Do not get caught up in the "wish I had game." No good will come out of this wishful thinking. No matter how much you dream of an 8-hour school day for your children away from your house, it just is not going to come true. Be grateful for what you have. My destressor is looking at real estate listings of homes we can never afford. As I was cooking dinner recently, I struggled in my spice cabinet to get out a container (life's mystery: why is every spice I need in the back of the cupboard?). At that moment, I wished I had another house. I needed a home with a differently designed kitchen, which gave me access to a better spice cabinet preferable said kitchen would over look the ocean on some faraway island. Enough room in a spice cabinet is a real problem, or so I had built up in my brain. I bemoaned my predicament of life. It is a cruel, cruel, cruel world we live in! How could I possibly go on with living having a kitchen with a cabinet that does not have enough room for all of my spice nor a beach view? I was complaining, in essence, of having too much food. It is a real problem, apparently. Luckily in short order, I was revolted at my thoughts. I laughed at my first world problem and gave thanks to God for a roof over our head, a yard that I can escape too, enough food to nourish our bodies, and endless forms of entertainment to sustain us during the quarantine.
One day this pandemic will end. Life will return to a more normal time by the grace of God. Until that time, go easy on yourself. No one is keeping score.

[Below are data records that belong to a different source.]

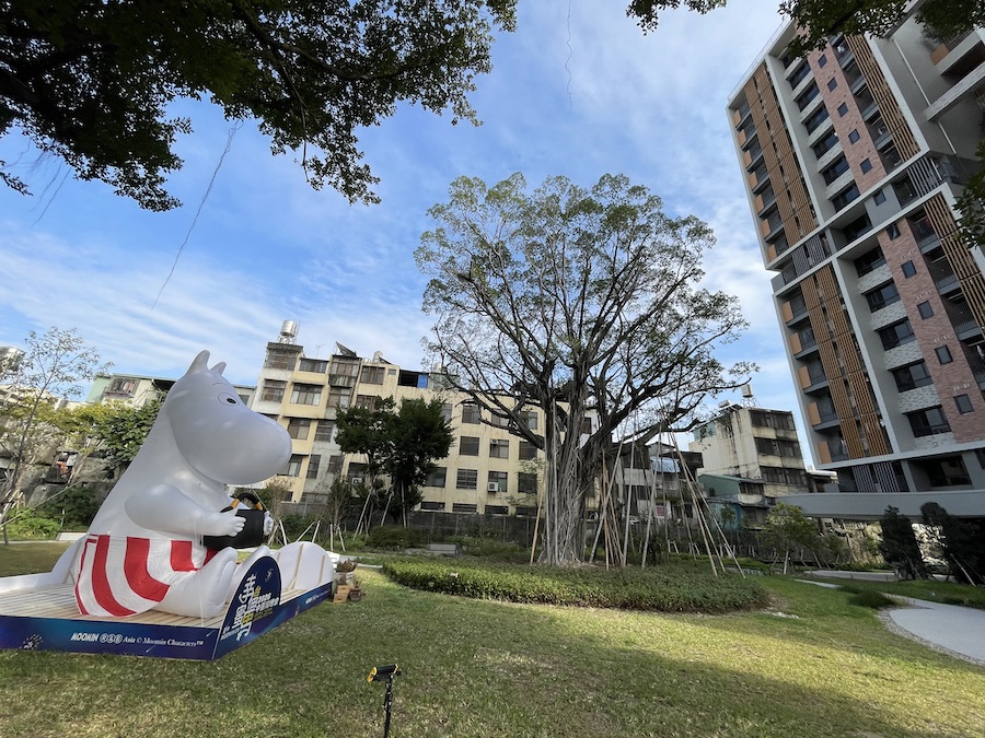 都發局住宅處長陳煒壬說明,「東區恊園好宅」基地前身為故總統行館「恊園」,園區內保留多棵珍貴老樹,規劃時以「與環境共生共融」為核心理念,主動縮減建築量體,保留約610坪的大面積開放綠地,打造結合鄰里公園概念的生態好宅。寬闊的綠意空間不僅延續基地原有的自然樣貌,也成為市民可親近、可停留的城市綠洲,與姆明一族(The Moomins)所象徵的森林、自然與療癒意象相呼應,因此特別規劃在東區恊園好宅設置姆明媽媽(Moomin Mama)氣模公仔,讓幸福角色走進生活角落,為城市增添溫暖與療癒的景象。
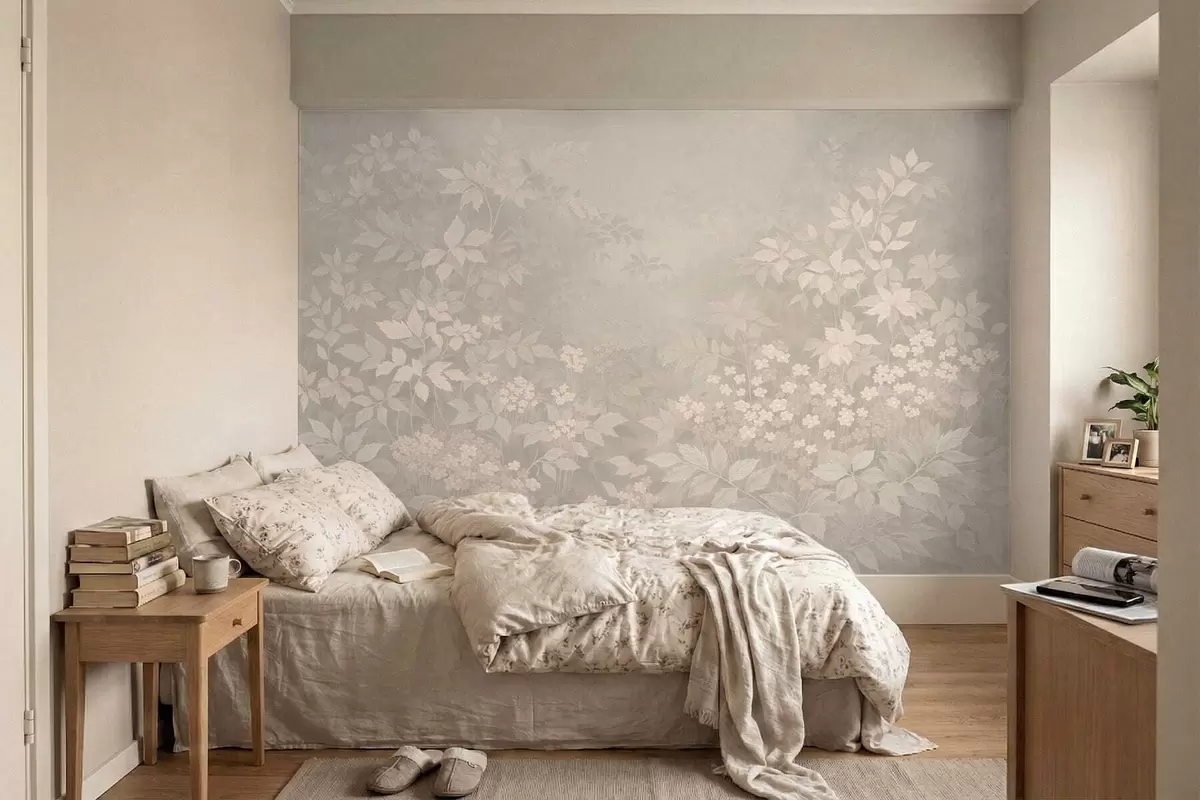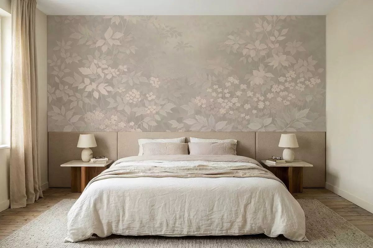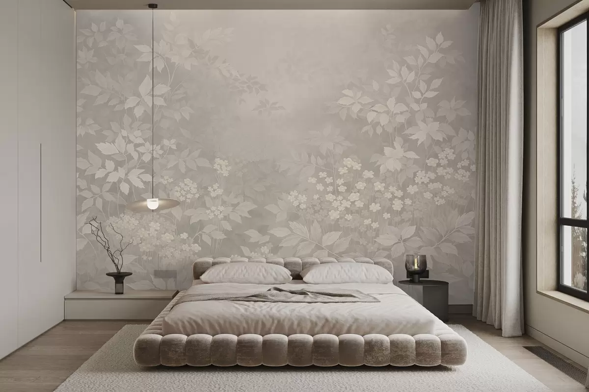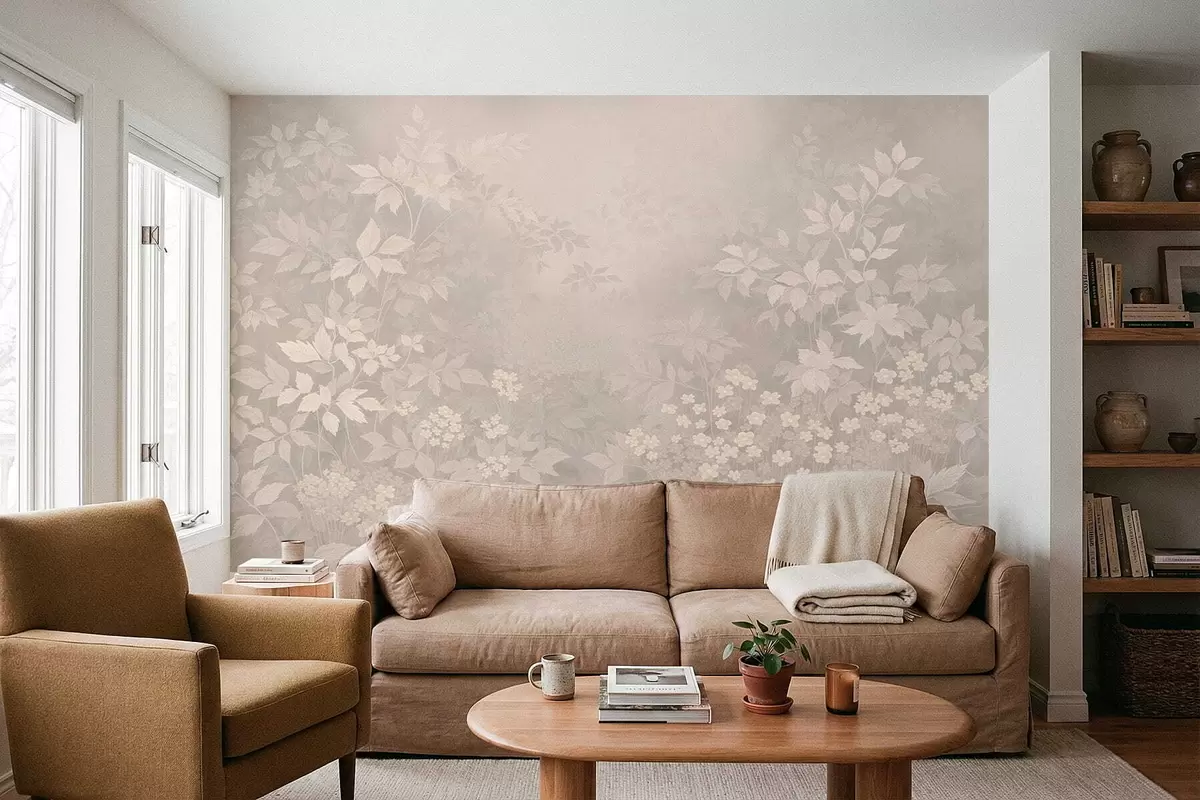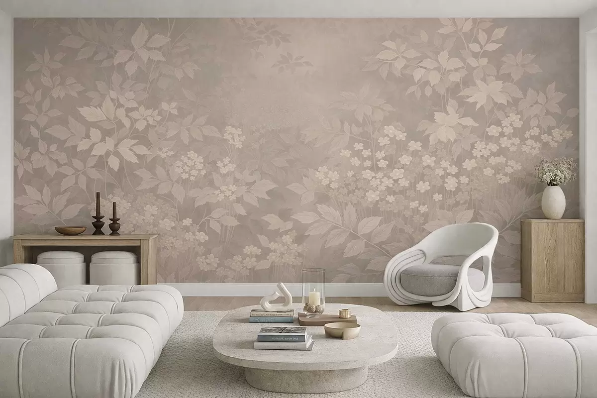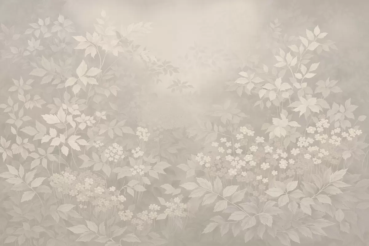 Papel tapiz Suave estampado botánico con hojas y flores en la niebla. Nr. w05115v1
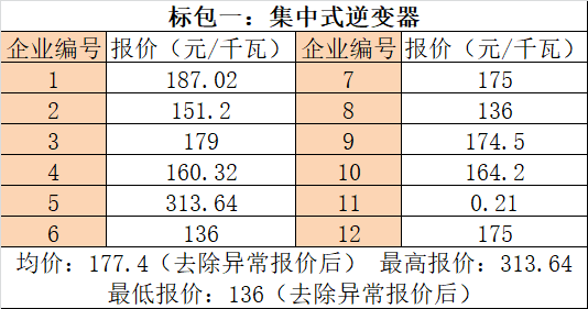 以下為本次招標(biāo)中逆變器企業(yè)報(bào)價(jià)信息(數(shù)據(jù)來(lái)源于光伏們):
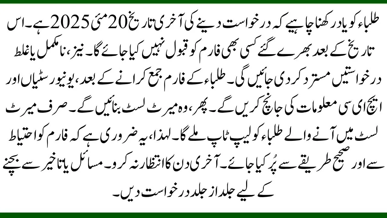 Students should remember that the last date to apply is May 20, 2025. Any forms filled after this date will not be accepted. Also, incomplete or wrong applications will be rejected. After students submit their forms, the universities and HEC will check the information. Then, they will create a merit list. Only students on the merit list will get laptops. So, it is important to fill the form carefully and correctly. Do not wait for the last day; apply as soon as possible to avoid problems or delays.
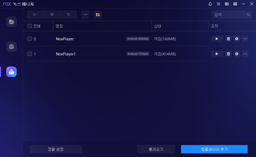 녹스 매니저에서 안드로이드 12와 안드로이드 7 버전을 생성했다.
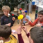 Und nicht nur die Blumensamen in unseren verschiedenen Töpfchen begannen zu wachsen, auch die selbstgebauten Türme in der Turnhalle wuchsen in die Höhe. Gemeinschaftlich bauten wir hohe Türme und stellten uns anschließend unserer Bauprojekte vor. Dafür hatten wir in der Turnhalle schön viel Platz.
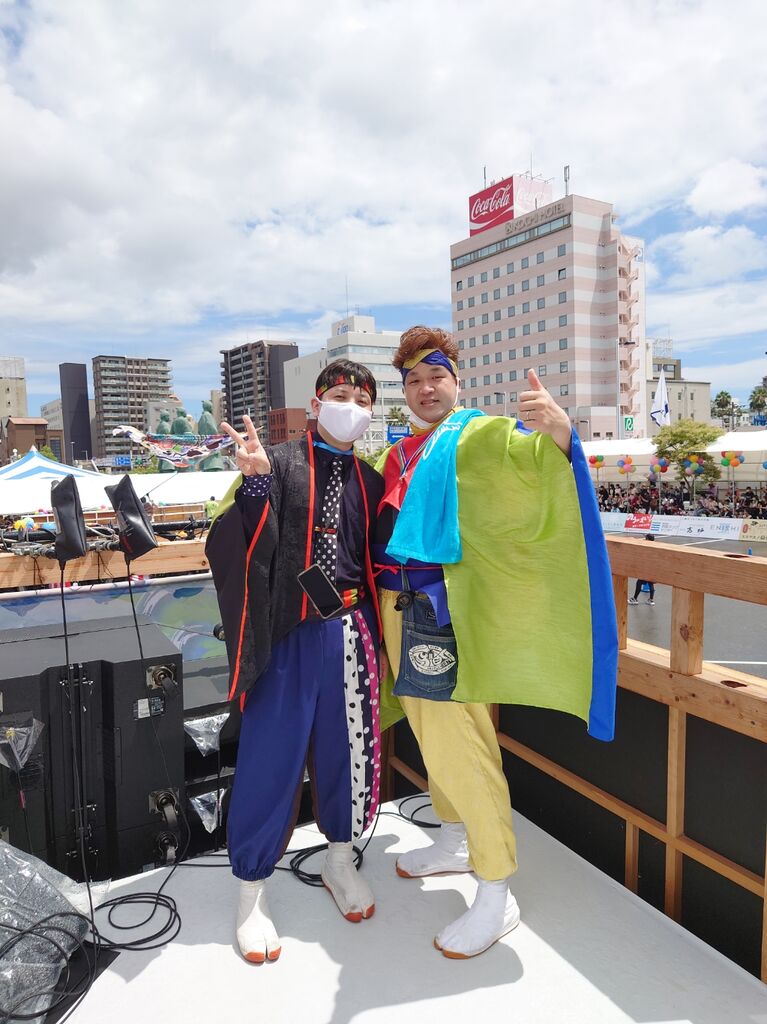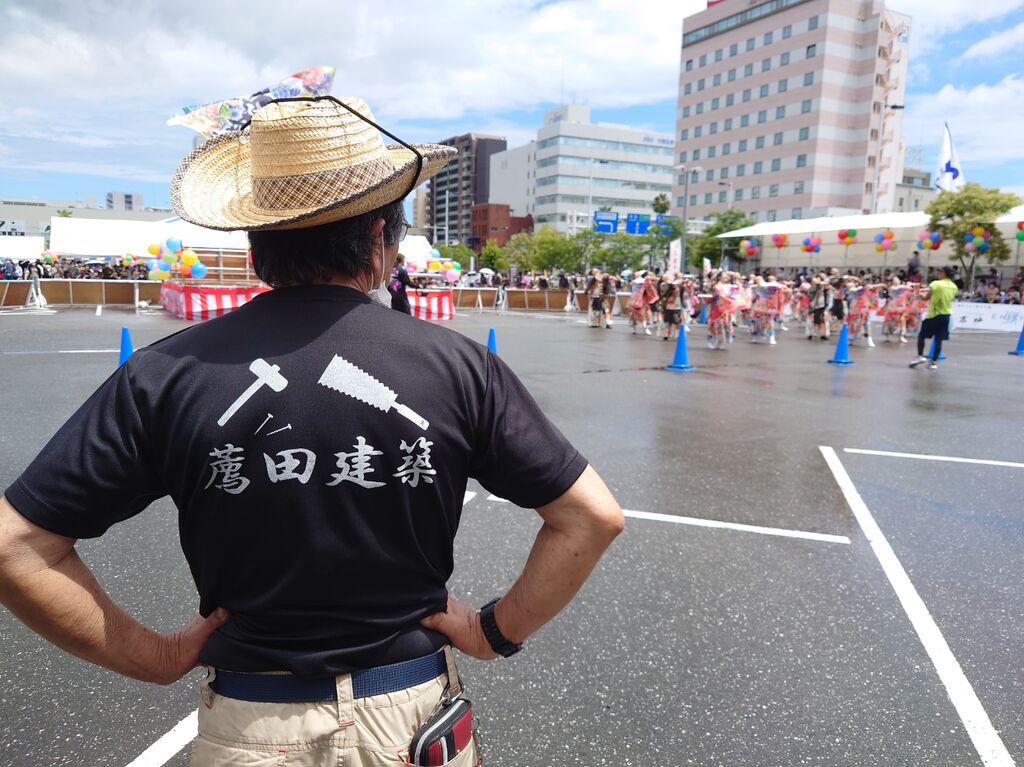 雨が降ったり止んだりの高知駅前演舞場。
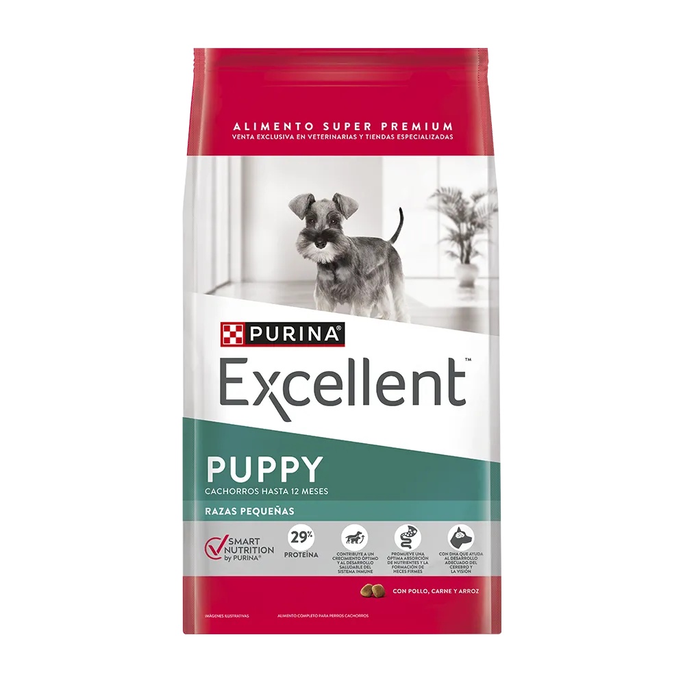 Purina Excellent le ofrece a tu cachorro una nutrición que favorece su desarrollo y crecimiento. Con proteínas de alta calidad e inclusión del prebiótico natural que colabora con una buena salud digestiva. Con el sistema SMART NUTRITION Purina, que aporta múltiples beneficios científicamente comprobados, que mantienen a tu cachorro con un excelente estado de salud.
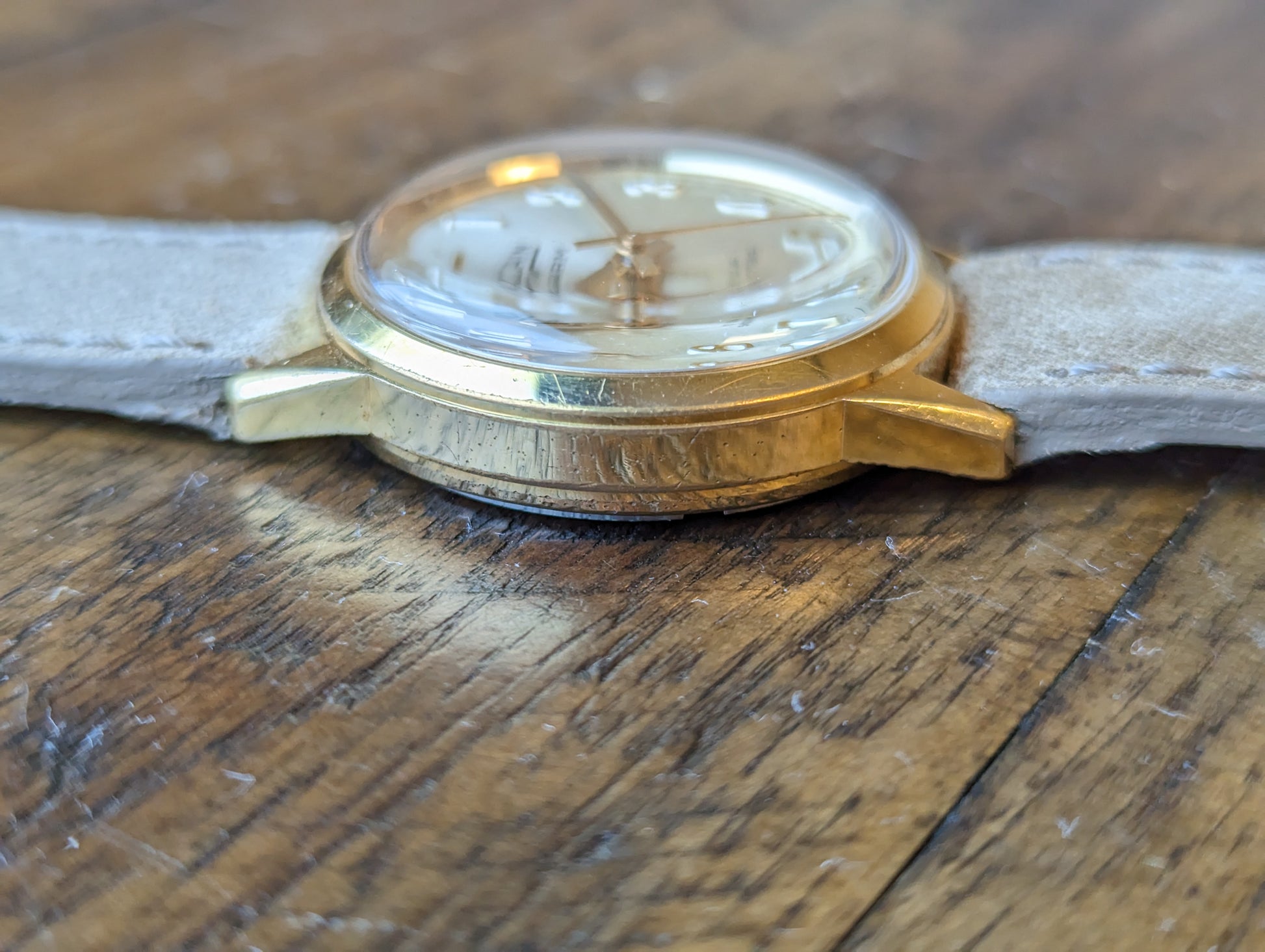 CASE: The 34mm base metal over stainless steel back is in good shape. The case shows wear throughout commensurate with its age. The bevels on all four lugs can still be appreciated. It features screw down case back and is 40mm lug to lug x 11mm thick.
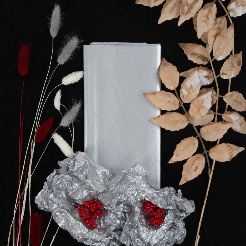 Серебристая премиум- бумага тишью (tissue paper) или, как ее еще называют, папиросная обёрточная бумага - это тонкая, нежная и привлекательная декоративная бумага разных оттенков.
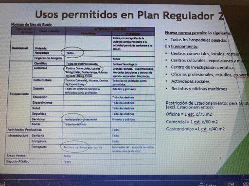 • Este proyecta contempla un cambio de destino (No hotel) a gastronomía, oficinas, Co-Working, tiendas. Sin pernoctación. Se desmantelan 2 pisos superiores para cumplir altura 7 metros PRC 2017. Contempla que Piso -6 que es el más cercano al mar tenga uso No permanente o transitorio (salas reuniones, piscina, gimnasio, spa). Habrá 4 oficinas para organismos de investigación o equivalentes, y espacio en galería de arte para artistas de la zona. Prioridad en compra de insumos y servicios para PYMES de Concón.

No one is having a perfect day during this crisis, even if there social media account says differently. I don't care that Jane tweeted that she wished the days were 48 hours long because she just loves every second spending so much one on one time with her husband. Jane is a liar. No one likes Jane. You and your family will survive, and perhaps down the road, you will look fondly upon the time you were quarantined.